When the Hunga Tonga-Hunga Ha’apai volcano erupted on Saturday, it could be heard about 5,000 miles away in Alaska and produced an ash cloud the size of New England, The Washington Post reported. The volcano lies mostly underwater, about 20 miles southeast of Tonga’s Fonuafo’ou island in the South Pacific, reported CNN. It sits about 6,500 feet above the sea floor, but only about 328 feet can be seen above sea level.

When giant volcanoes erupt, they have the potential to affect temperatures and weather across the globe. According to CNN, the eruption of the Hunga Tonga-Hunga Ha’apai volcano was huge — likely the biggest recorded in 30 years, experts say — but it was probably not large enough to have an effect on the global climate.

“If the volcano decides that it’s going to do a number of explosions, and keeps on adding, that’ll change things,” associate professor of geosciences at Denison University, Erik Klemetti, told CNN. “But right now, it seems like it was a short enough event that didn’t have enough sulfur in it to likely cause much of a climate impact.”

Klemetti added that the Hunga Tonga-Hunga Ha’apai eruption could have an impact on the regional temperature, the significance of which would depend on how much sulfur dioxide (SO2) was in the stratosphere.

Ash RGB imagery shows the eruption using infrared channels to detect volcanic ash and sulfur dioxide gas. NOAA

The Hunga Tonga eruption spewed a cloud of SO2 and ash about 19 miles into the atmosphere, according to NASA satellite data, CNN reported. The atmospheric layer at that height is known as the stratosphere and, as it sits above the jet stream, aerosols can hang there for years. In the stratosphere, SO2 mixes with water to create a gas layer. The aerosols scatter sunlight and, as SO2 is reflective, cause some of it to be reflected away from Earth, according to Forbes. If there is sufficient SO2 to reflect enough light, it can cause cooler temperatures on Earth.

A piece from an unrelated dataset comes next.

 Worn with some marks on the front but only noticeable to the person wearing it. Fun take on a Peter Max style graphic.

The SO2 from the eruption has been estimated by scientists to be 0.4 teragrams, or 400 million kilograms, according to satellite data, not nearly enough to have a significant impact on the world’s climate, reported CNN. The Mount Pinatubo eruption in the Philippines in 1991 — the largest volcanic eruption of the past 100 years, as the United States Geological Survey shows — produced 15 to 20 teragrams of SO2, which caused a 0.6 degree Celsius, or one degree Fahrenheit, decrease in global temperature for 15 months, according to NASA Earth Observatory.

A professor in the Department of Environmental Sciences at Rutgers, Alan Robock, said the Hunga Tonga-Hunga Ha’apai eruption will “produce about 1/50 of the impact of the 1991 Pinatubo eruption,” equal to an average of about 0.02 degrees, or 0.01 degree Celsius, of cooling, The Washington Post reported.

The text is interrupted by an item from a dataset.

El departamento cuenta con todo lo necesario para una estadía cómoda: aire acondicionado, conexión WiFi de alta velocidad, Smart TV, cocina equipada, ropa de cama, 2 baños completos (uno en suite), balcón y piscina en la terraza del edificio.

Michigan Tech professor Simon Carn said that to have a measurable effect on climate, the SO2 produced from Hunga Tonga would have to be five to ten times denser than it appeared to be.

“Only if the eruption injects a lot of SO2 into the stratosphere, at least 1000 [kilotons, or thousands of tons] or more, will there be a climate impact,” Robock wrote, as The Washington Post reported.

Experts say continued eruptions are something to monitor, according to The Washington Post.

“We have no way of knowing when this eruption will be over,” wrote Janine Krippner, a volcanologist at the Smithsonian Global Volcanism Program, The Washington Post reported.